| Onorevoli Colleghi! - I conflitti di competenza sorti
tra il Consiglio superiore della magistratura (CSM) ed il
Presidente della Repubblica, da una parte, e tra lo stesso CSM
ed il Ministro di grazia e giustizia, dall'altra, hanno
evidenziato l'esigenza di precisare la natura delle funzioni
demandate al CSM dalla Carta costituzionale e della revisione
delle norme in materia di composizione dell'organo predetto
non correlate alla natura delle funzioni demandategli ed
appalesatesi, in concreto, contrastanti con i princìpi
fondamentali della stessa Costituzione.
La previsione della magistratura come ordine autonomo ed
indipendente da ogni altro potere - di cui all'articolo 104
della Costituzione - non può renderla un ordinamento giuridico
separato, dotato di propria autonomia ed indipendenza anche
politica, alla stregua della diversa indipendenza
riconosciuta, ad esempio, alla Chiesa cattolica dall'articolo
7 della stessa Costituzione.
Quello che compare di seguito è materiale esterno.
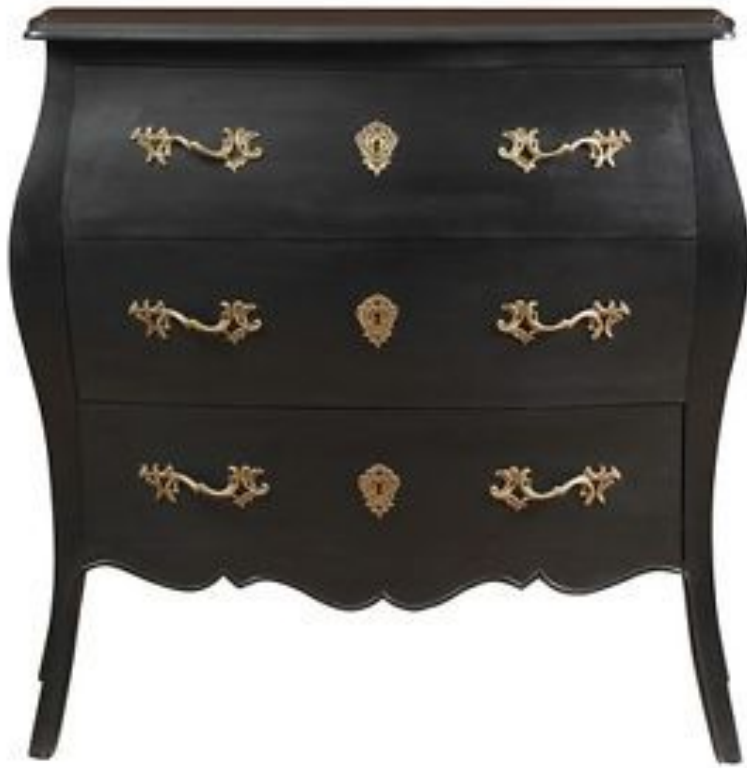
French Black Painted Furniture Visit ebay.co.uk

Alla magistratura è attribuito il
compito istituzionale di amministrare la giustizia; tale
compito ha un contenuto così squisitamente tecnico da
assurgere, addirittura, a considerazione di antiteticità nei
confronti di qualsiasi altra pubblica funzione ed, in
particolare, di quelle politiche, al punto che il terzo comma
dell'articolo 98 della Costituzione prevede la possibilità di
stabilire, con legge, per i magistrati, limitazioni al diritto
d'iscriversi ai partiti politici.
D'altra parte, è l'esistenza stessa del Ministro di grazia
e giustizia, organo politico per eccellenza, preposto
all'amministrazione giudiziaria, a contraddire
l'ipotizzabilità di competenze politiche del Consiglio
superiore.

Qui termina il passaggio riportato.